# Beware of diesel Fuel at Murphys !



## theonlypheonix (Oct 8, 2015)

The Northern ILL town I live in holds the ILL State record for coldest real temp of -37F during the winter of 1/15/2009.

Now that we are finally having winter temps for this season expecting to run -5 to -8F tonight, I was going to top off the tank in the Cruze. I went to Murphy's due to their low pricing in town. It was -1 F when I started the pump but the fuel would not pump out. I then went inside to tell the worker about what I thought was a pump problem. She said they were having problems pumping diesel because 
the fuel was "gelling" but that her manager told her it was "ok" :dazed052:. After discussing the problem with her about what would happen if I had pumped some of their gelling fuel into my Cruze tank. She just 
continued to say, it was ok :dizzy:the fuel was "gelling", all the time I was thinking I that had filled up there earlier in the week :cussing:. I told her thanks and was glad I could not pump any more of their JUNK diesel and went on down the road to the big Petro truck stop outside town. I managed to pump 3 gal and put in Howes with hope I would be able to get started in the morning at -8F. Even during the cold winter of 2009 I was always able to pump diesel from Petro tanks and never in 10 years had I had a problem running my F350 6.0L on their diesel.

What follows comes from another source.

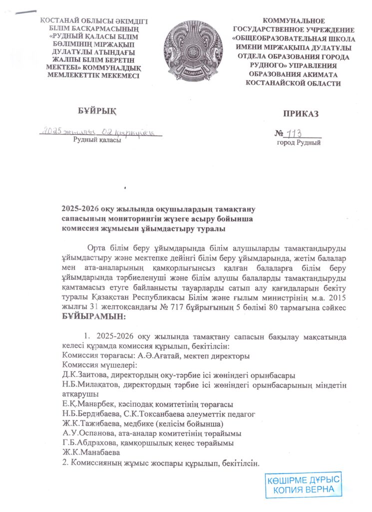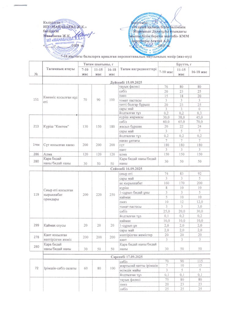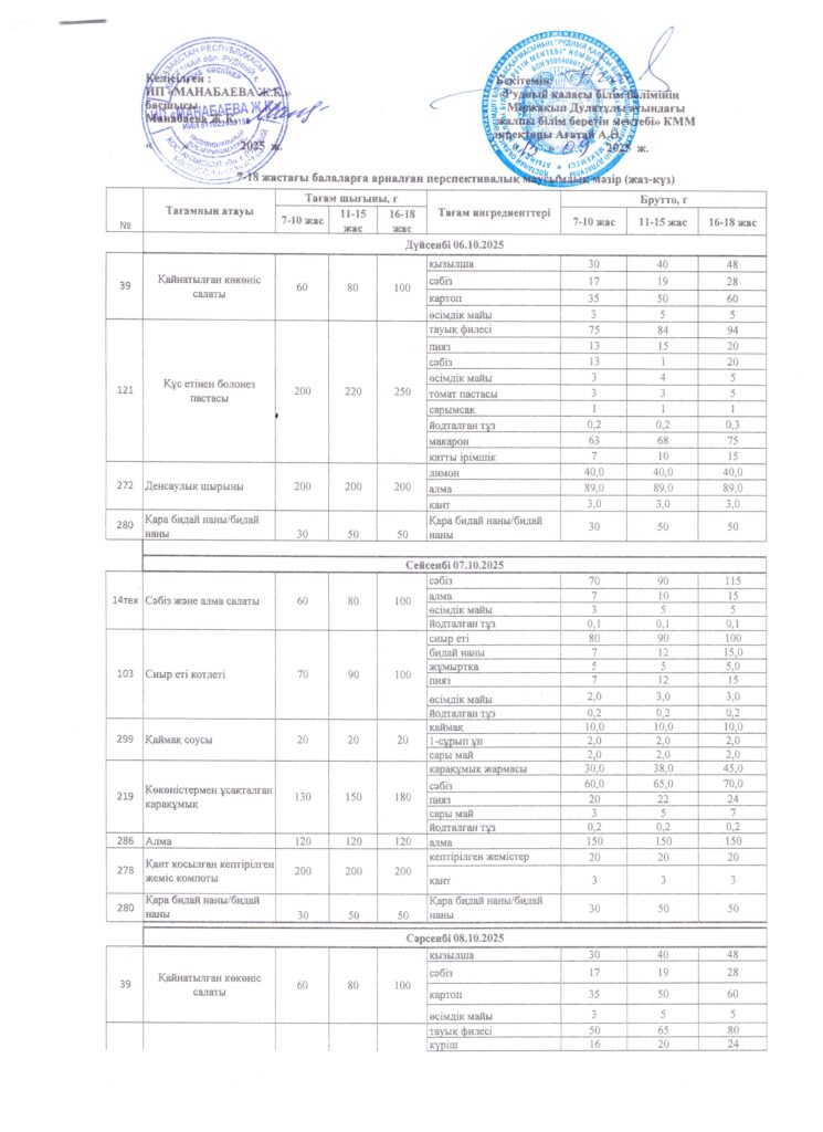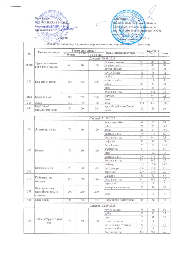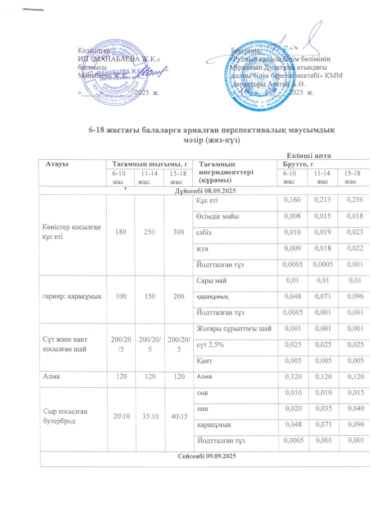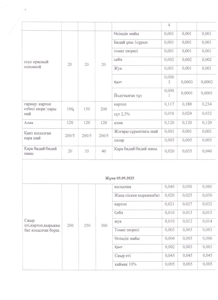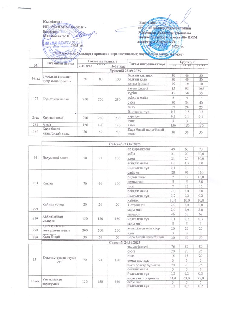 Оқушылардың тамақтану кестесі(откроется в новой вкладке)

If you are up north in ILL, I would pass those Murphy stations on by!!! You get what you pay for and it is for certain that the cheapest diesel in town is not always the best esp during the winter months. :th_dblthumb2:


----------



## MilTownSHO (Oct 9, 2013)

Yep, had this happen once. Was very low on fuel and stopped at a local station just to put a gallon or two in and the line was completely frozen. They obviously didn't winter treat the diesel. 

I always stick to big name (preferably busy) stations for my diesel in the winter.


----------



## GlennGlenn (Nov 27, 2015)

Only BP or Shell for me.........I am not far from you guys!!!


----------



## Robby (Mar 1, 2013)

We had this discussion last year.

During cold weather, avoid buying fuel from any outlet that is not geared towards providing product for heavy trucks.
The small outlets often have fuel that has been in the tanks for several weeks and was not yet treated for the colder temperatures.

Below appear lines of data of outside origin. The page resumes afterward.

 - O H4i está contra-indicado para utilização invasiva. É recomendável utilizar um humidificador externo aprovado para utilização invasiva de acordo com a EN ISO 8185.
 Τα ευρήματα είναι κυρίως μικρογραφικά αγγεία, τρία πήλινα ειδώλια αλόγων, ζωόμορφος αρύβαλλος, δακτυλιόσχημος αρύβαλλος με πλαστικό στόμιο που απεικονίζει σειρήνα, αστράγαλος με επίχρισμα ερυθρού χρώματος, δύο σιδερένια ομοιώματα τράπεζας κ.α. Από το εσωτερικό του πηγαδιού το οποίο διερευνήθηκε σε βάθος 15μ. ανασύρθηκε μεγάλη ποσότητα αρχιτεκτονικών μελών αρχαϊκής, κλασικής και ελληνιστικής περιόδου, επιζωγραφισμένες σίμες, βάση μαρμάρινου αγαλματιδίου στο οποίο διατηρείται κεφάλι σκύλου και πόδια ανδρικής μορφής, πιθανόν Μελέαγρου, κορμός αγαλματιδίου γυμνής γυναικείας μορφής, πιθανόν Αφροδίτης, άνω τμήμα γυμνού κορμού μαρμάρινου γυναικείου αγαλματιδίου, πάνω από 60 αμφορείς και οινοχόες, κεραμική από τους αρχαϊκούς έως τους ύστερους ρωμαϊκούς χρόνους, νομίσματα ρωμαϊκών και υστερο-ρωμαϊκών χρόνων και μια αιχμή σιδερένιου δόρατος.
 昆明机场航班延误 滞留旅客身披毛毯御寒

The large fuel outlets typically top the ground tanks every day or two so the fuel load is already treated for the current temperature.

Rob


----------



## boraz (Aug 29, 2013)

Robby said:


> so the fuel load is already treated for the current temperature.


as long as the current temp is within the 10% percentile

if its colder, good luck


----------



## Robby (Mar 1, 2013)

boraz said:


> as long as the current temp is within the 10% percentile
> 
> if its colder, good luck


Quite true.....that's where a wise diesel operator adds a bit more fuel treatment.......and also why I continually tell potential diesel buyers that the vehicle requires a lot more thought and involvement than a gas burner.

Rob


----------



## KpaxFAQ (Sep 1, 2013)

Jeeze amateur hour in IL. We never have fuel gelling problems around here, blows my mind they would not be prepared in that climate either. The only fuel there seems to be problems with if you don't treat it yourself is off road. I bet the fuel stations aren't as concerned about it and leave it up to the operator to treat it. We don't have that problem anymore because we pretreat our 1000 gallon yard tank before the off-road delivery comes now.


----------



## GlennGlenn (Nov 27, 2015)

KpaxFAQ said:


> Jeeze amateur hour in IL. We never have fuel gelling problems around here, blows my mind they would not be prepared in that climate either. The only fuel there seems to be problems with if you don't treat it yourself is off road. I bet the fuel stations aren't as concerned about it and leave it up to the operator to treat it. We don't have that problem anymore because we pretreat our 1000 gallon yard tank before the off-road delivery comes now.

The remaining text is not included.